Dove tutto è a metà è il titolo del romanzo scritto Zampaglione nel 2017 assieme a Giacomo Gianzini e che ha dato titolo al talk. “Il romanzo indaga quella sensazione nella vita dove le cose non sono complete e ti senti a metà. Non voglio dire insoddisfazione, ma i protagonisti sono alla ricerca di qualcosa che li renda completi e questa ricerca a volte li porta ad avere a che fare con stati d’animo difficili da gestire” – ha spiegato al pubblico Zampaglione.

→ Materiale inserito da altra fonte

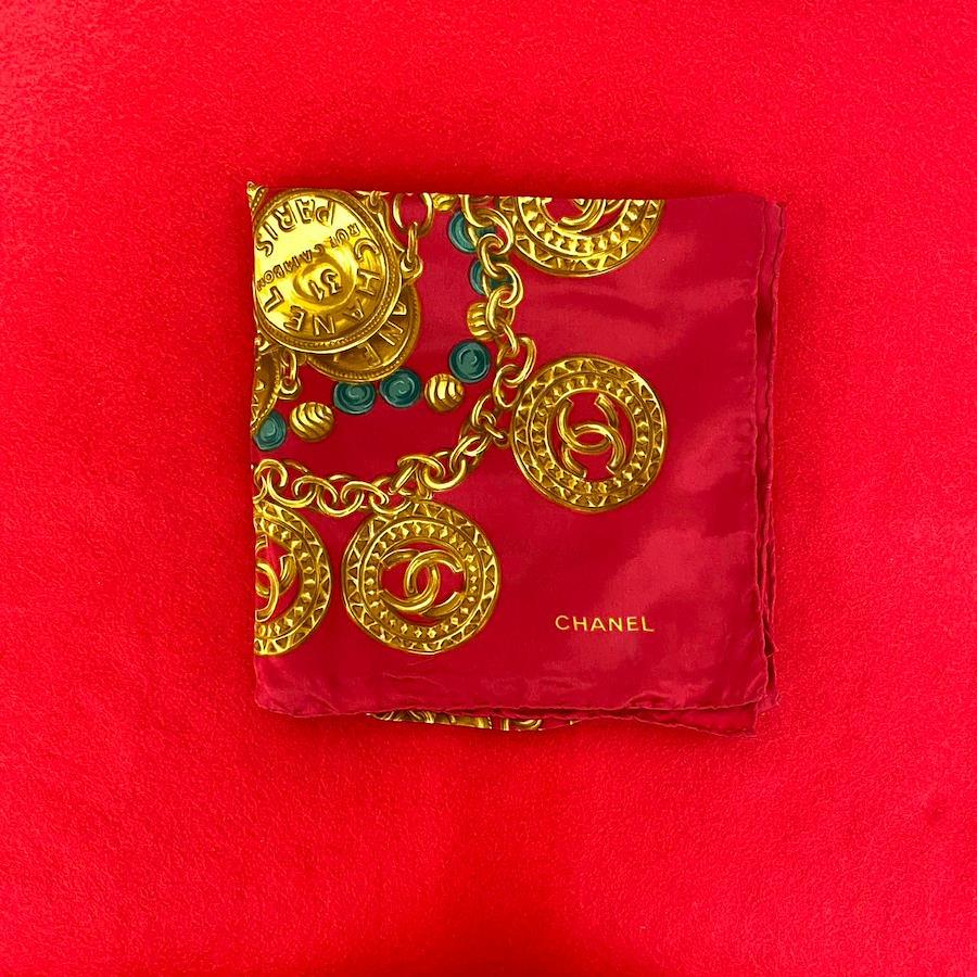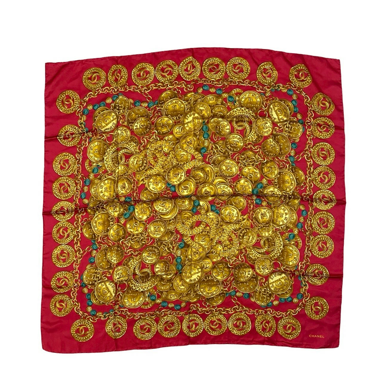 Very rare, mint condition CHANEL Coco Mark motif silk scarf, women's apparel, red, item number 80108 (pre-owned).

Ed è proprio da questo romanzo che nasce il film Morrison che vede Zampaglione regista “Ho fatto questo film in un periodo in cui l’alternativa era quella di non fare nulla. L’idea di far lavorare tante persone capaci e di talento in un momento difficile come quello che abbiamo vissuto con la pandemia mi ha trasportato e ricorderò tutto come un’esperienza molto positiva. Morrison è un film dove ho usato la musica come sfondo per parlare della vita. Ho raccontato delle cose di me, molti ricordi di quando suonavamo con il furgone, e anche momenti difficili da artista più affermato. Viviamo in un mondo in cui uno è abituato a parlare sempre dei suoi successi, ma l’insuccesso è un amico con cui passi tanto tempo. E a nessuno fa piacere parlare del lato nero. In questo film sono stato molto sincero e le cose che accadono o sono successe a me o a persone a me molto vicine. Morrison è un film sull’incontro e sullo scambio intergenerazionale. Anche la colonna sonora è stata fatta con Gazzelle e Franco126. Un musicista adulto che si confronta e scambia con le nuove generazioni e fa capire che la musica e la passione non hanno età. Morrison è un film più sulla passione che sulla musica”– ha concluso il frontman dei Tiromancino.

 

Il Sindaco di Castiglione del Lago Matteo Burico ha poi consegnato il Premio Castiglione Cinema 2021 – RdC incontra a Federico Zampaglione con la seguente motivazione “come canta in una delle canzoni che sentiamo nel suo ultimo film, Morrison, Federico Zampaglione ha inventato un presente che non vive di abitudini. Prima nella musica e poi nel cinema, ci ha fatto entrare nel suo mondo fatto di attimi irripetibili e illusioni perdute, destini che si incrociano e tempi piccoli, riuscendo a valicare i confini della sua generazione per la sua capacità di evitare le mode e respingere le banalità. La scelta di esprimersi anche attraverso il linguaggio cinematografico è perfettamente coerente con la visione di un artista sempre interessato a sperimentare nuove esperienze creative. Dalla commedia nera all’horror fino al racconto di un’amicizia dal battito musicale, Federico Zampaglione continua ad abituarci all’esercizio dello stupore”.